- Data -
★ ★ ★ ★ ★
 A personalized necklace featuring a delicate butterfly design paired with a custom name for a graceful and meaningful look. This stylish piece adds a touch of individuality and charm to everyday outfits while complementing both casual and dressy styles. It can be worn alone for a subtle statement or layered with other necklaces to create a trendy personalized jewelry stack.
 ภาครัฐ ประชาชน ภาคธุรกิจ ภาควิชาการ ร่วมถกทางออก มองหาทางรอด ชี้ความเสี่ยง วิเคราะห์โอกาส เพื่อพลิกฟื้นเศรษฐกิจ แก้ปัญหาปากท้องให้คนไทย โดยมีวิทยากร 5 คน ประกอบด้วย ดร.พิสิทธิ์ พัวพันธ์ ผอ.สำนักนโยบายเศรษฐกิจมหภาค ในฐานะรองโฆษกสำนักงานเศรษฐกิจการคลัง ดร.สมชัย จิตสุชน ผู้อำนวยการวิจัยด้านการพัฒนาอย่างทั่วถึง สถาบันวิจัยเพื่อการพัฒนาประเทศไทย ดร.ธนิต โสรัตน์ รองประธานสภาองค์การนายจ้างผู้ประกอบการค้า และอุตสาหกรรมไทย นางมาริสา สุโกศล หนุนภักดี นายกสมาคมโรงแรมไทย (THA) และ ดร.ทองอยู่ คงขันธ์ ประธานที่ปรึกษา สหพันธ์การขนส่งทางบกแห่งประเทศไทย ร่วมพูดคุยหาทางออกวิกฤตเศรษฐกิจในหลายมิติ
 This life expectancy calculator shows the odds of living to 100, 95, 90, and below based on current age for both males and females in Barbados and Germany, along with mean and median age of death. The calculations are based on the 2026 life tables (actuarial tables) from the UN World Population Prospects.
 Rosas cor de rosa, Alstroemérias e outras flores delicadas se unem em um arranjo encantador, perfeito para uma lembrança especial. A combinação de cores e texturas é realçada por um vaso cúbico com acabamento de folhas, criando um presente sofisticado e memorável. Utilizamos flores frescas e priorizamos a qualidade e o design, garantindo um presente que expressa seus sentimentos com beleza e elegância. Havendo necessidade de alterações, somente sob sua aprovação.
★ ★ ★ ★ ★
- Work required -
Reproduce all of the data exactly as given.

- Result -
 A personalized necklace featuring a delicate butterfly design paired with a custom name for a graceful and meaningful look. This stylish piece adds a touch of individuality and charm to everyday outfits while complementing both casual and dressy styles. It can be worn alone for a subtle statement or layered with other necklaces to create a trendy personalized jewelry stack.
 ภาครัฐ ประชาชน ภาคธุรกิจ ภาควิชาการ ร่วมถกทางออก มองหาทางรอด ชี้ความเสี่ยง วิเคราะห์โอกาส เพื่อพลิกฟื้นเศรษฐกิจ แก้ปัญหาปากท้องให้คนไทย โดยมีวิทยากร 5 คน ประกอบด้วย ดร.พิสิทธิ์ พัวพันธ์ ผอ.สำนักนโยบายเศรษฐกิจมหภาค ในฐานะรองโฆษกสำนักงานเศรษฐกิจการคลัง ดร.สมชัย จิตสุชน ผู้อำนวยการวิจัยด้านการพัฒนาอย่างทั่วถึง สถาบันวิจัยเพื่อการพัฒนาประเทศไทย ดร.ธนิต โสรัตน์ รองประธานสภาองค์การนายจ้างผู้ประกอบการค้า และอุตสาหกรรมไทย นางมาริสา สุโกศล หนุนภักดี นายกสมาคมโรงแรมไทย (THA) และ ดร.ทองอยู่ คงขันธ์ ประธานที่ปรึกษา สหพันธ์การขนส่งทางบกแห่งประเทศไทย ร่วมพูดคุยหาทางออกวิกฤตเศรษฐกิจในหลายมิติ
 This life expectancy calculator shows the odds of living to 100, 95, 90, and below based on current age for both males and females in Barbados and Germany, along with mean and median age of death. The calculations are based on the 2026 life tables (actuarial tables) from the UN World Population Prospects.
 Rosas cor de rosa, Alstroemérias e outras flores delicadas se unem em um arranjo encantador, perfeito para uma lembrança especial. A combinação de cores e texturas é realçada por um vaso cúbico com acabamento de folhas, criando um presente sofisticado e memorável. Utilizamos flores frescas e priorizamos a qualidade e o design, garantindo um presente que expressa seus sentimentos com beleza e elegância. Havendo necessidade de alterações, somente sob sua aprovação.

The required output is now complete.